How can you be sure about that? If you don't want to move it to
generic code, fine, but the above argumentation doesn't really
convince me. Check the git logs to see that this is *exactly* how new
functions get added to lib/string.c. It's not always a question of two
or more users, it's also an API issue. It doesn't make sense to put
helpers in driver code where they don't belong (and won't be
discovered if they're needed somewhere else).
>>> +/*
>>> + * Given <pagenum, offset> pair, provide a dereferencable pointer.
>>> + */
>>> +static void *get_ptr_atomic(struct page *page, u16 offset, enum km_type type)
>>> +{
>>> + unsigned char *base;
>>> +
>>> + base = kmap_atomic(page, type);
>>> + return base + offset;
>>> +}
>>> +
>>> +static void put_ptr_atomic(void *ptr, enum km_type type)
>>> +{
>>> + kunmap_atomic(ptr, type);
>>> +}
>>
>> These two functions also appear in xmalloc.
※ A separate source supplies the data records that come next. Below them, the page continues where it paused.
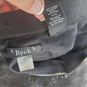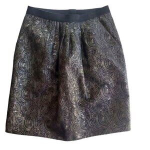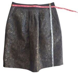 2B.RYCH Womens Skirt SZ 6 Black Gold Metallic Swirl Pleated Lined Knee Zipper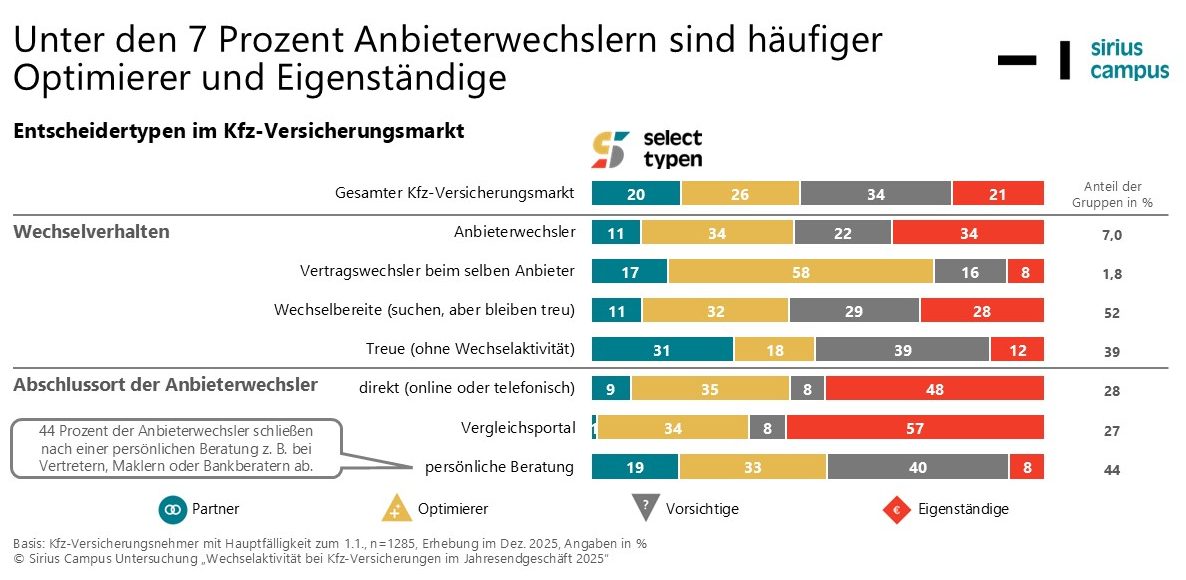 Unter den Wechslern sind überdurchschnittlich häufig Kfz-Versicherungsnehmer im mittleren Alter zwischen 31 und 40 Jahren, Familien mit Kindern im Haushalt sowie selbstbewusst auftretende Optimierer und online-affine Eigenständige. Die zwei anderen Marktsegmente aus der Typologie zum Entscheidungsverhalten – Partner und Vorsichtige – sind wesentlich treuer und damit langfristig attraktivere Kunden für Versicherungsgesellschaften.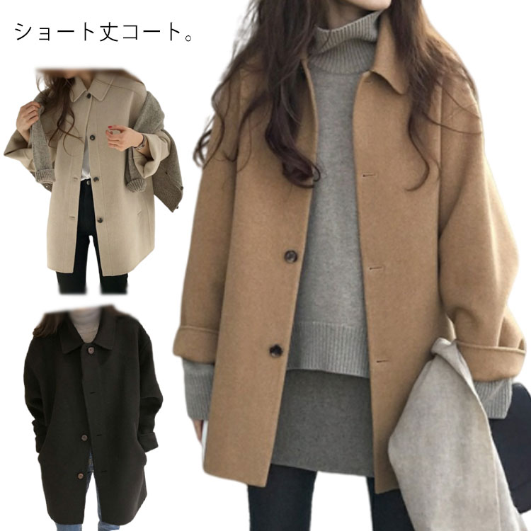 ショート丈コート レディース Pコート ビジネス カジュアル 通勤 OL オフィス 秋 冬 ピーコート コート 無地 ゆったり アウター ショートアウター ショート丈 waitao-2064-gg 海外通販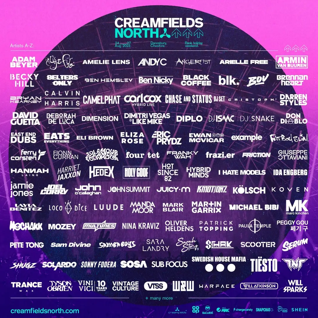 Creamfields is 1 of 20 music festivals in the North West of England. The festival’s full address is: Daresbury Estate, Halton, Cheshire, WA4 4AR.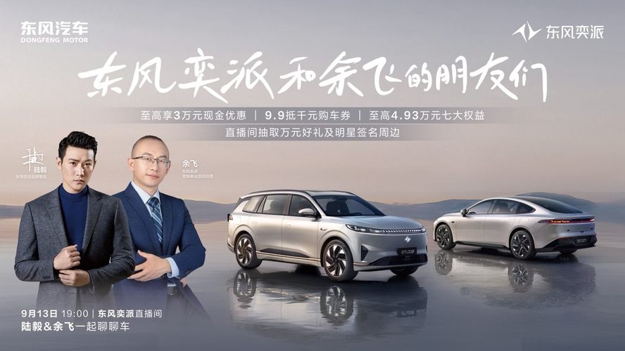 车圈大事件来啦!9 月 13 日,陆毅以东风奕派品牌挚友的身份,做客“东风奕派和余飞的朋友们”直播间,现场体验品牌双星eπ007和eπ008的产品魅力,并与东风奕派营销事业部总经理余飞一起聊车派福利,直播间9.9元下订可抵1000元购车尾款,同时可享多重购车礼遇。当优雅的国民男神陆毅遇上奕派理工男余飞,双方金句频出,更在现场合拍大片,送出陆毅签名周边及万元好礼,为用户带来金秋时节的第一场精彩直播。
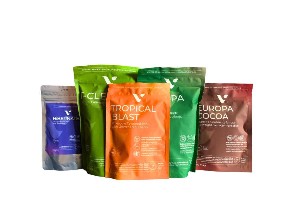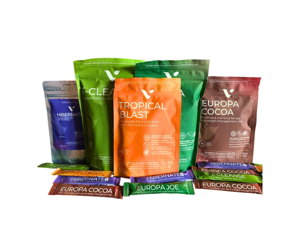 Vyzkoušejte naše jedinečné produkty s balíčkem Valentus MIX 5v1! Tento mix obsahuje vše, co potřebujete – od ranní energie s Europa Joe, přes lahodnou horkou čokoládu Europa Cocoa, až po osvěžující Tropical Blast a čajový nápoj T-cleanse. Nechybí ani večerní relaxační nápoj Hibernate 8. Dopřejte si 5 týdnů plných chuti, zdraví a vitality. Ideální pro objevování nových favoritů!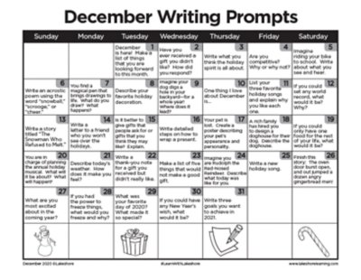 - Post this calendar and have your child check in every day for a new and exciting writing prompt.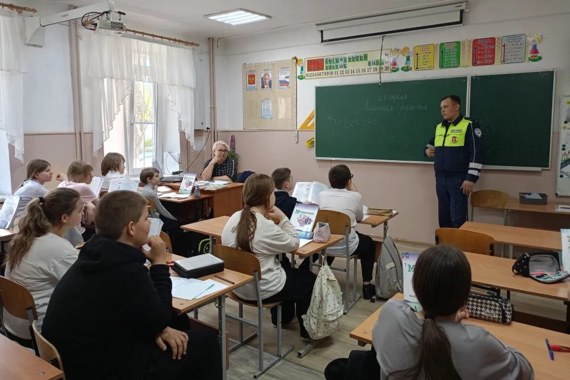 Инспектор Госавтоинспекции обратился с призывом соблюдать правила дорожного движения, быть примером для подрастающего поколения, отметив, что изменить ситуацию на дорогах к лучшему можно лишь тогда, когда каждый начнёт менять её, начиная с себя. Также он пояснил, что залог их безопасности на дороге - внимание, ответственность и неукоснительное соблюдение Правил дорожного движения.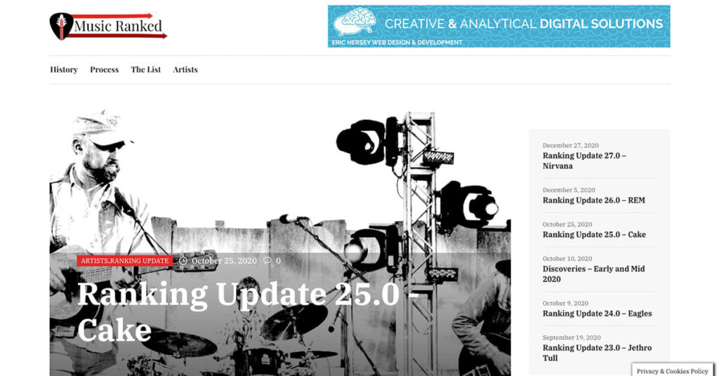 I created a website called MusicRanked.com a few years ago as a test to learn the new WordPress 5.0. I continued to work on the site as a hobby and soon realized that people on the internet was actually visiting and reading. The premise of the site is fairly simple: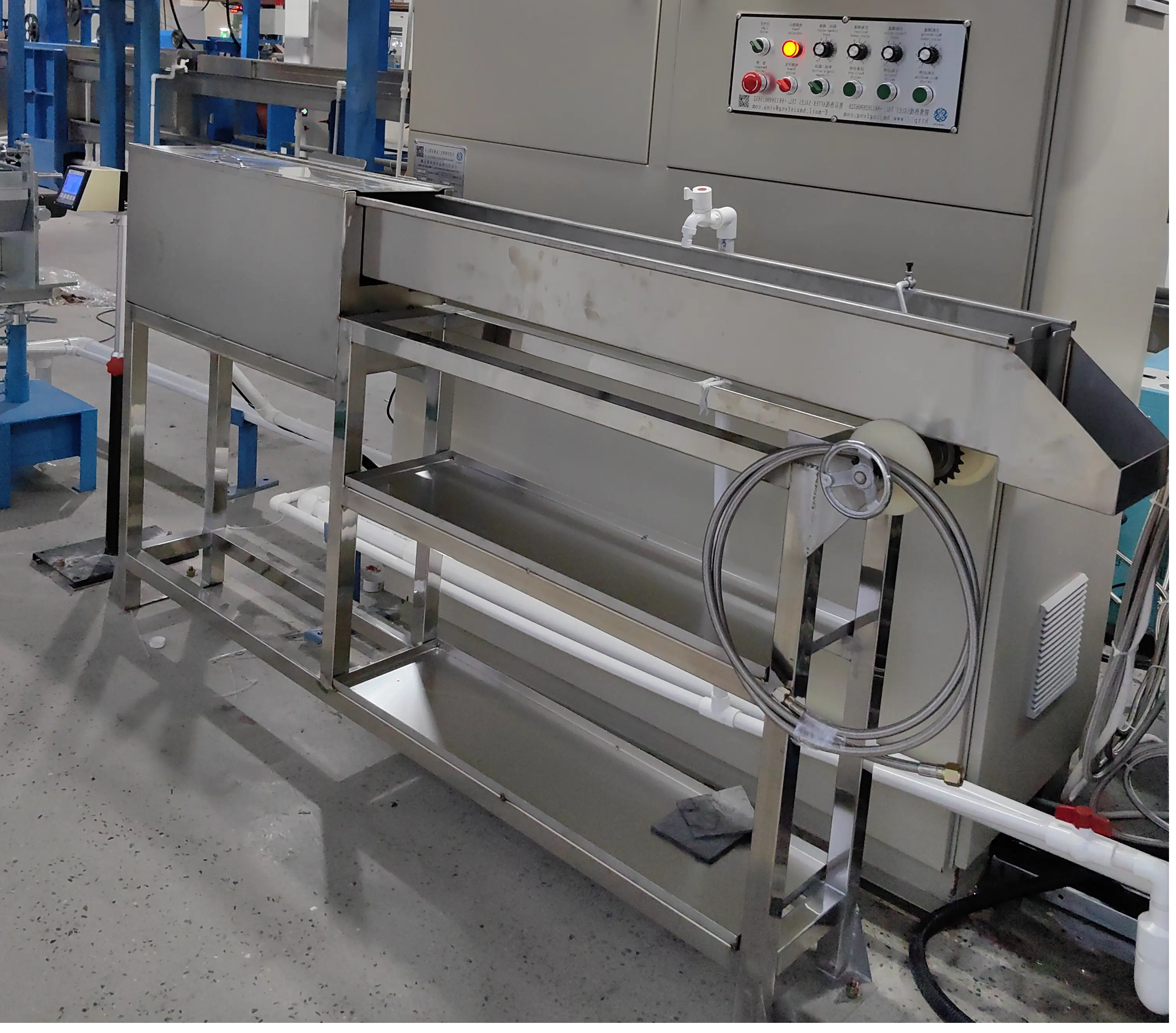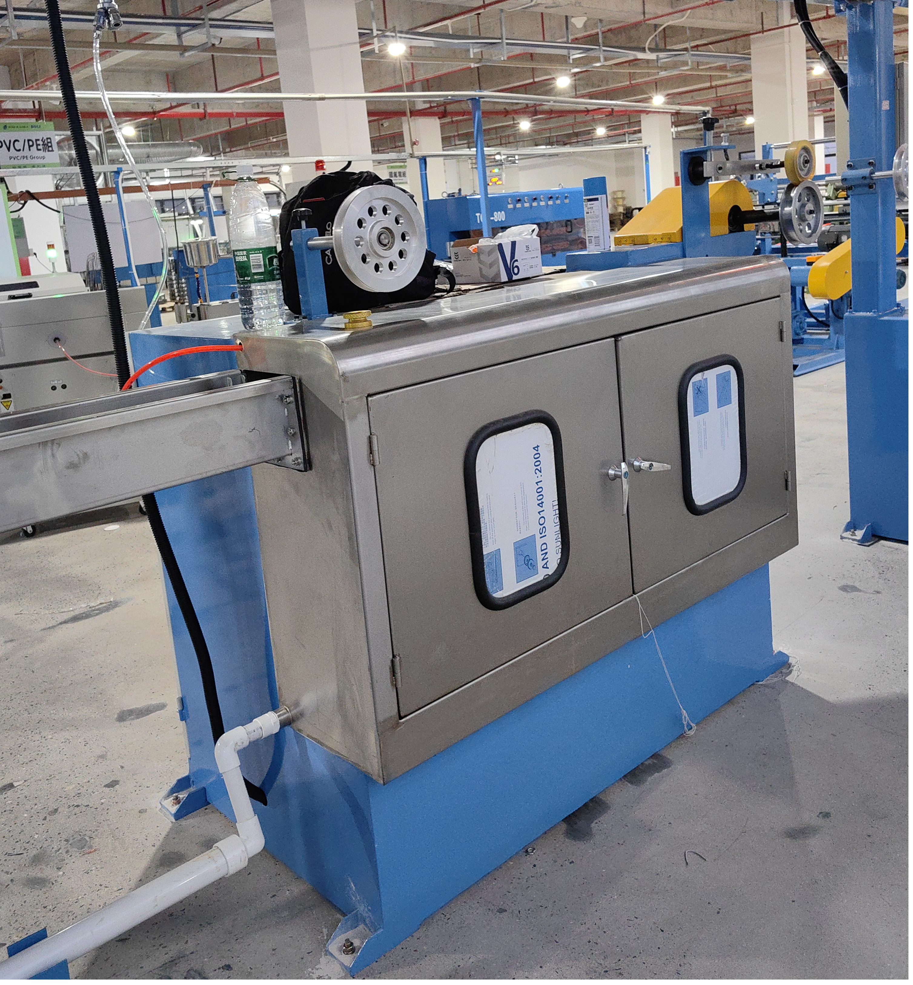 10-2. Traction wheels: Material - aluminum alloy, diameter Φ600mm (2 wheels)10-3. Water tank: Stainless steel sealed water tank, with 1 set of windows and water wipers10-4. Drive: AC380V 4KW AC motor + (See Image) frequency converter, linkage control with main machine10-5. Line speed: 400m/min, linkage control with main machine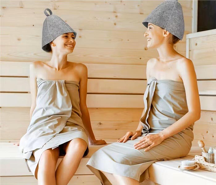 Zamislite da imate gustu kosu koja se zagrijava i suši u visokoj temperaturi saune – potrebno ju je zaštititi. No, znate li da postoje i posebne kape za saunu dizajnirane za osobe koje nemaju kosu? Ove kape napravljene su od laganih, toplinskih izolacijskih materijala poput filca ili vune, koji štite glavu od prevelike topline i istovremeno održavaju optimalnu temperaturu. Tako sprječavaju neugodu i pregrijavanje, pružajući ugodan boravak u sauni svima, bez obzira na tip kose ili ako nemate kose.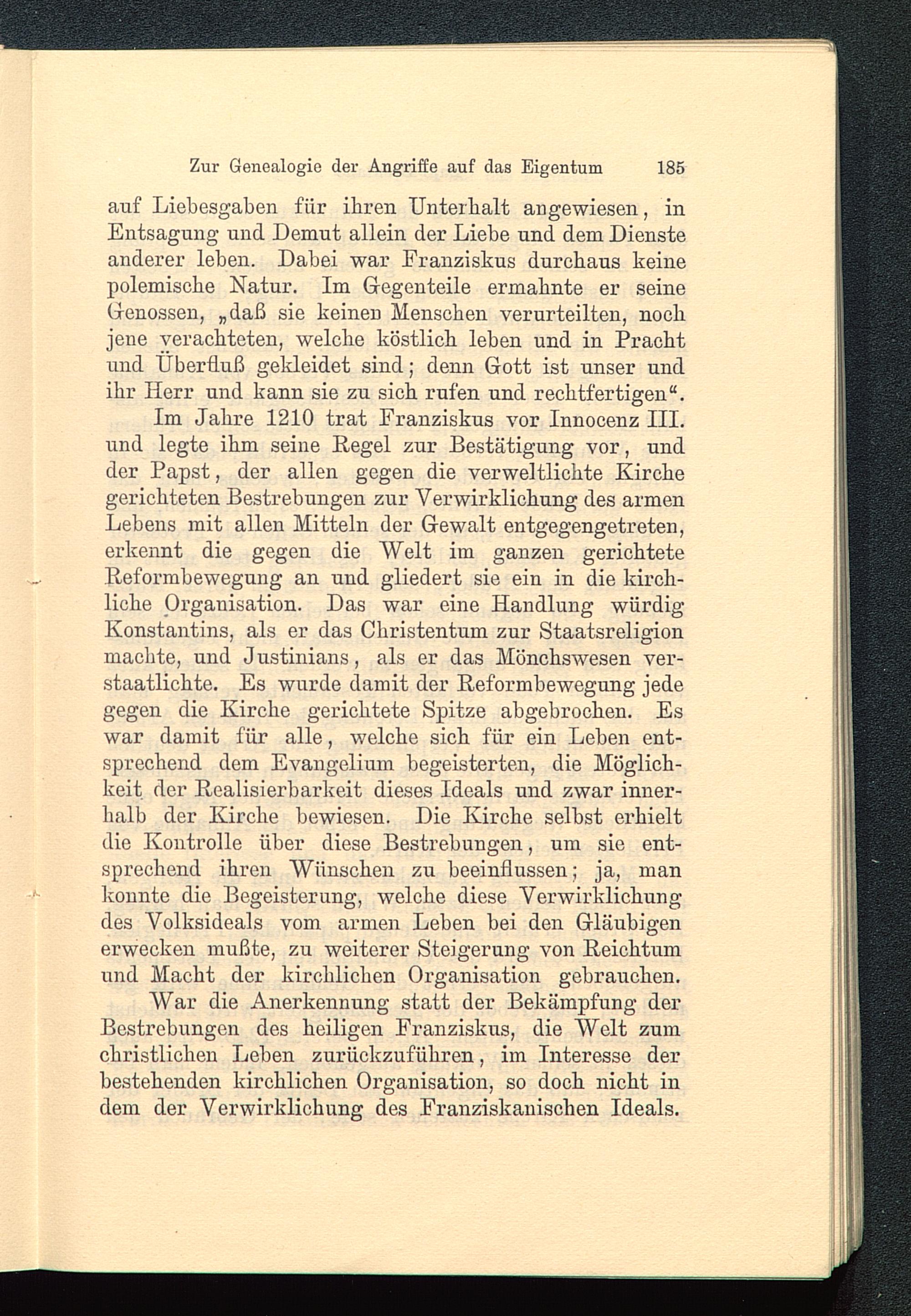 War die Anerkennung statt der Bekämpfung derBestrebungen des heiligen Franziskus, die Welt zumchristlichen Leben zurückzuführen, im Interesse derbestehenden kirchlichen Organisation, so doch nicht indem der Verwirklichung des Franziskanischen Ideals.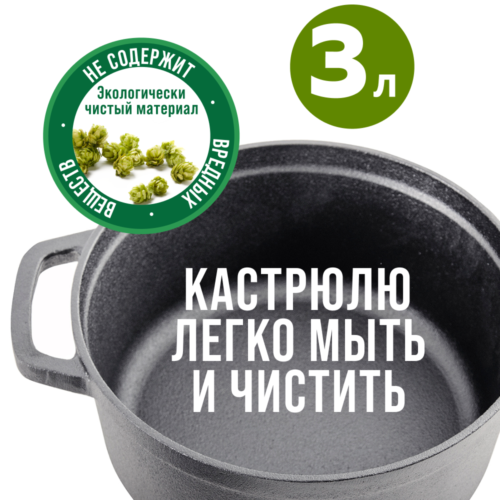 Кастрюля с крышкой чугунная, 2,9 л, чугунок

It's probably best to just
>> kill the wrappers and use kmap/kunmap directly.
>
> Wrapper for kmap_atomic is nice as spreading:
> kmap_atomic(page, KM_USER0,1) + offset everywhere looks worse.
> What is the problem if these little 1-liner wrappers are repeated in
> xvmalloc too?
> To me, they just add some clarity.
To me, they look like useless wrappers which we don't do in the kernel.
>>> +static void ramzswap_flush_dcache_page(struct page *page)
>>> +{
>>> +#ifdef CONFIG_ARM
>>> + int flag = 0;
>>> + /*
>>> + * Ugly hack to get flush_dcache_page() work on ARM.
>>> + * page_mapping(page) == NULL after clearing this swap cache flag.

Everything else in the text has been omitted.